So I came into this project thinking it would be half an hour of clever regexps, and that's it.

Oh noes, there's Builders

In theory, I love builders. SwiftUI may not be my favorite way to build UIs, but it's fun and it works. Ditto for Ktor's HTML/CSS DSLs.

For regular expressions though... to me they fail to capture (haha) the mechanics, and will work only for relatively simple expressions.

let regex = Regex {
    "$"
    Capture {
      OneOrMore(.digit)
      "."
      Repeat(.digit, count: 2)
    }
    Anchor.endOfLine
}

This is equivalent to \$([0-9]+\.[0-9][0-9])$ I guess, and it's actually an example of why the DSL system is easier: $ and . have meaning in regexps and have to be escaped. It makes that line totally undecipherable for most newcomers.

Let's set aside the fact that nesting too many builders leads to incredibly long type inference (when it doesn't fail) and compile time. It comes with the territory, SwiftUI afficionados will tell you.

Let's also set aside the compactness of the regexps versus the DSL type because it's irrelevant to the point. In any language, you can write your code as compact and illegible as you like, it doesn't mean it's better. The tradeoffs you choose for your project in terms of inclusiveness (towards more junior members, or at least with regard to the tech stack you are using), and maintainability (look at you being all clever and writing some l33tk0d3 that you won't be able to debug in 6 months time... I learned that lesson a while ago and have decided that in most cases, readability is better than cleverness).

The problem (for me) with DSLs as applied to regular expressions is that it fails to capture the mechanics of backtracking and cursor position.

How regular expressions kind of work

As anyone who's taken an algorithmics class will tell you, strings are a pain. They can mostly only been read linearly (going from one character to the next or the previous), they have encodings and special cases (pun intended), and what they contain mean something different to the programmer than the actual text it contains (looking at you JSON).

"17.51" kind of is a number, and most definitely a string. If an error creeps in, it becomes something really really tedious to deal with. Like "17.,51". What the hell does THAT mean? 17.0 followed by 51? Or is the comma used in the French way to separate the decimal part, and . for multiplication? 17 x 0.51 ? And don't get me started on dates...

And so we have to define rules and use pattern matching. You can say that the string contains elements separated by commas, and each element is a number. And if it isn't, raise an error.

  • Look for every combination of n digits, followed by an optional point, followed by m optional digits, followed by a comma OR the end of the line
  • You should end up with a list of n∂.m∂ strings, that you can now parse to floating point
  • That should give an expression that looks like this:
    ([0-9]+\.{0,1}[0-9]*)(,|$)

There's a lot of problems to unpack here, like the fact that we kind of have to capture the group matching the separator/end of line to keep the expression simple, the weird dance of square and curly brackets and parenthesiseseseses, the whys and the hows of + and *, and so much more. But this will suffice for a brief explanation of how it works under the hood.
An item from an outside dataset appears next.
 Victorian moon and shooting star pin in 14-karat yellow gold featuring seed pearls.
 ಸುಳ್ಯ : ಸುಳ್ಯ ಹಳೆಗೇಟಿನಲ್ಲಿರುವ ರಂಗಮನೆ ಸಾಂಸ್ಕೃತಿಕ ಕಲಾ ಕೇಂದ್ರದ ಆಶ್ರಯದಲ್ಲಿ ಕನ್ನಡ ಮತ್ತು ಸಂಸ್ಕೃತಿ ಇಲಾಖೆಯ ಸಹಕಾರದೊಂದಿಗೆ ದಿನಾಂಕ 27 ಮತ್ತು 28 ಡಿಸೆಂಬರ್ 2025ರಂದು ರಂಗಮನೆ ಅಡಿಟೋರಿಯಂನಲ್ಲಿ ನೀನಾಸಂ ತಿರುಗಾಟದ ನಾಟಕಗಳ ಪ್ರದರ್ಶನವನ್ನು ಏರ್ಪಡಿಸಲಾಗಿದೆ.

See, the point of it all is state machines and backtracking. When you use the regexp on a string, it keeps track of what it's done, what it's trying to do and where to go next. And if the current attempt fails, it reverts back to a previous state. The experts in regexps will groan and moan because I explain things too casually, and they should, but you don't need the nitty gritty details of how it actually works to grasp what I'm getting at.
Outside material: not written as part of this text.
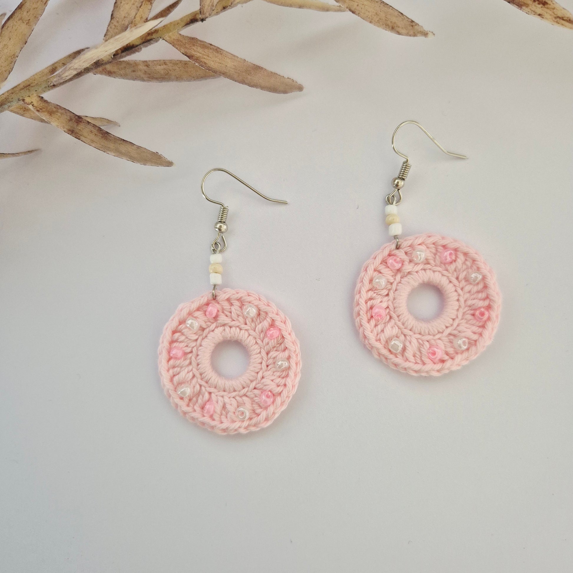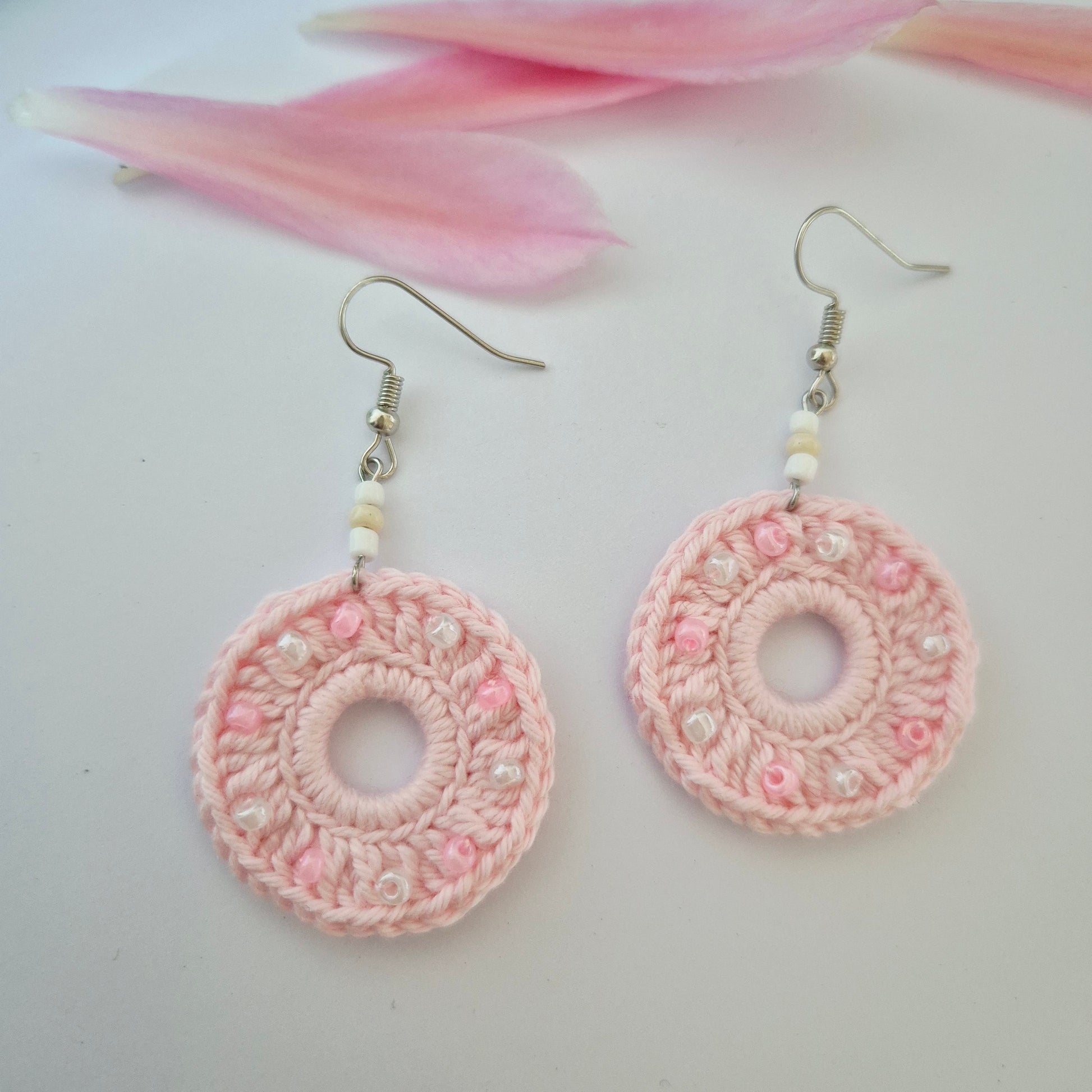 Discover the charm of handmade artistry with these delicate crochet earrings. Each pair is lovingly crafted by hand, featuring a soft and feminine pinky style that adds a touch of elegance to any outfit.

So let's look at "17.,.6,51", and try to apply the regular expression.

  • We are at character 0,  and we are looking for 1 or more digits.
  • We find 17, so we look for 0 or 1 dot.
  • We find one, so we have 17., and we look for 0 or more digits
  • We find none, so we're still good, and we look for either a comma or the end of the line
  • We find a comma, so we have a complete match: 17.,
  • We push the result in the list of "found things", and advance the character to the end of the match, 3
  • We look again for a digit or more
  • We find none, so it can't be a match, so we advance by one character, and try again
  • Ditto for the dot
  • We're now at character 5, and try again
  • We have a digit, so we start a new match: 6
  • 0 or more dots, check. 0 or more digits, check. Comma, check. So we have a new match: 6
  • Start again, and we find 51
  • In the end we have 3 matches: 17., 6, and 51 (plus the comma or end of line, that is captured in a separate group)
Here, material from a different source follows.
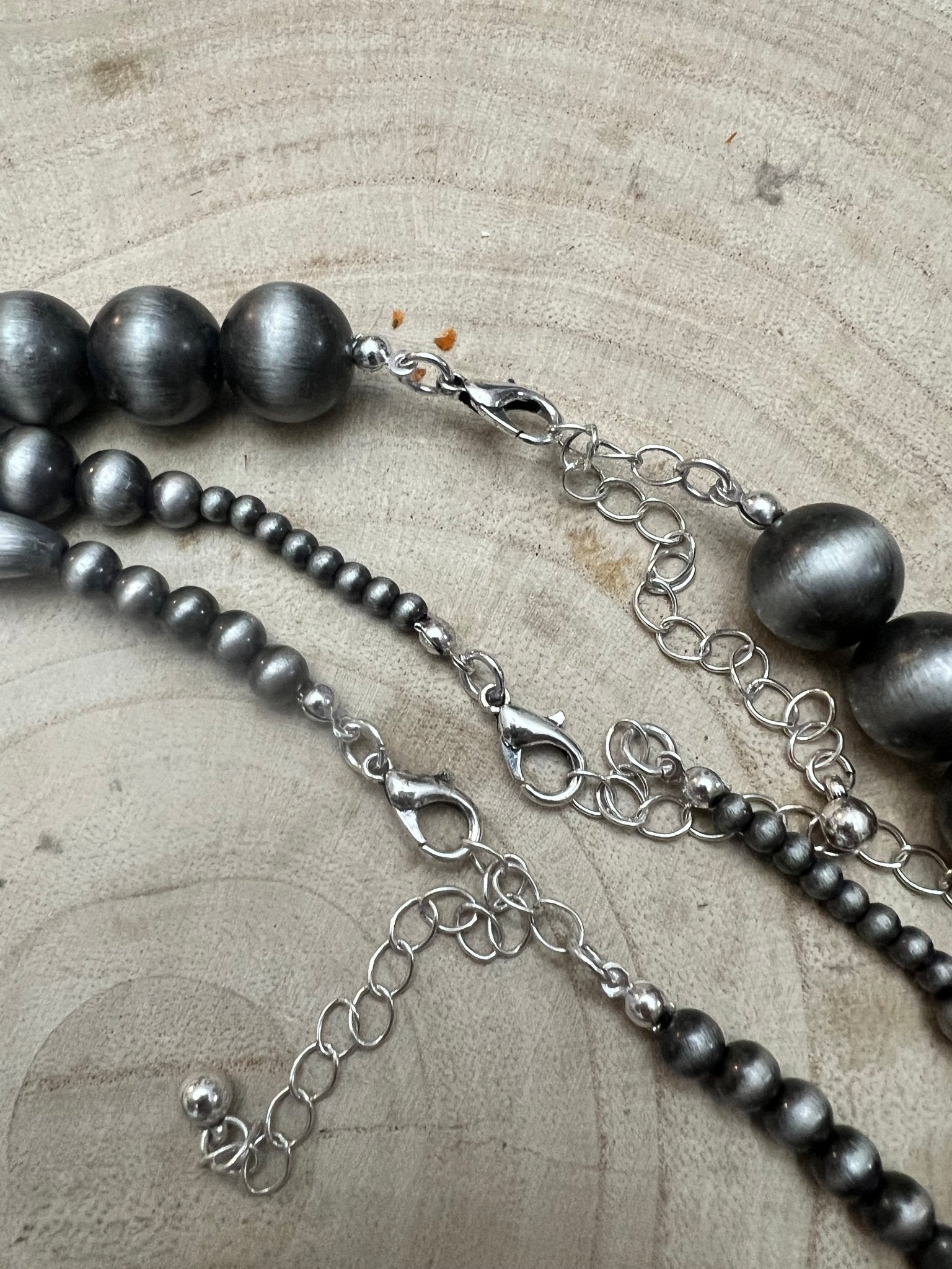 Western Faux Sterling Pearl Necklace Set - 18, 22 and 26 inch set

Hold on. It was .6 not 6! Well... yes, but not according to our rules. We have to have a digit before the dot.

Never you mind, you say, we'll say we can have 0 or more instead of one or more:
([0-9]*\.{0,1}[0-9]*)(,|$)

Yes, and it almost works the same:

  • Up to 51, we get almost identical results, except we do capture .6 instead of 6
  • BUT we're not done. We try the regexp again at the end of the string, because we have to look at it all, and we get:
  • There is 0 digit, followed by 0 dot, followed by 0 digit, followed by the end of the line. So there's an extra match: ""...

The two important parts to grasp from all this are that starting at the character we are at, we try to match the pattern to the rest of the string, and if it fails, we advance by one character, and try again. Current state, and backtracking to try again.

The weeds: lookaheads and negations

We need to talk about a couple of special cases:

  • What if we need to not match something (reject some characters, for example)?
  • What if we need to match things only if up ahead in the string there's something else (or not something else)?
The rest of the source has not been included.